If the image of the point $$P(1, -2, 3)$$ in the plane, $$2x + 3y - 4z + 22 = 0$$ measured parallel to the line, $$\frac{x}{1} = \frac{y}{4} = \frac{z}{5}$$ is $$Q$$, then $$PQ$$ is equal to:

We need to find the image $$Q$$ of the point $$P(1, -2, 3)$$ in the plane $$2x + 3y - 4z + 22 = 0$$, measured parallel to the line $$\frac{x}{1} = \frac{y}{4} = \frac{z}{5}$$.

The direction ratios of the given line are $$(1, 4, 5)$$.
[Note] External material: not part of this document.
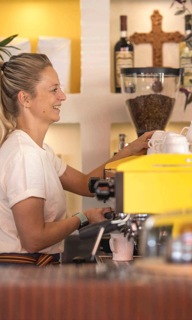 A custom bright yellow La Marzocco spins its magic with coffee from Auckland roasters eighthirty and New Zealand-owned Webster’s loose leaf teas are on the menu along with daily baked treats.

Since the image is measured parallel to this line, we draw a line through $$P$$ with direction ratios $$(1, 4, 5)$$.

The parametric equation of this line through $$P(1, -2, 3)$$ is:

$$x = 1 + t, \quad y = -2 + 4t, \quad z = 3 + 5t$$

This line meets the plane $$2x + 3y - 4z + 22 = 0$$. Substituting:

$$2(1 + t) + 3(-2 + 4t) - 4(3 + 5t) + 22 = 0$$

$$2 + 2t - 6 + 12t - 12 - 20t + 22 = 0$$

$$6 - 6t = 0$$

$$t = 1$$

So the foot of the line on the plane is:

$$F = (1 + 1, \; -2 + 4, \; 3 + 5) = (2, 2, 8)$$

Since $$Q$$ is the image of $$P$$ in the plane (measured along this direction), $$F$$ is the midpoint of $$PQ$$.

$$F = \frac{P + Q}{2}$$

$$Q = 2F - P = (2 \times 2 - 1, \; 2 \times 2 - (-2), \; 2 \times 8 - 3) = (3, 6, 13)$$

Now find $$PQ$$:

$$PQ = \sqrt{(3 - 1)^2 + (6 - (-2))^2 + (13 - 3)^2}$$

$$= \sqrt{4 + 64 + 100} = \sqrt{168} = \sqrt{4 \times 42} = 2\sqrt{42}$$

Therefore, $$PQ = 2\sqrt{42}$$, which is Option B.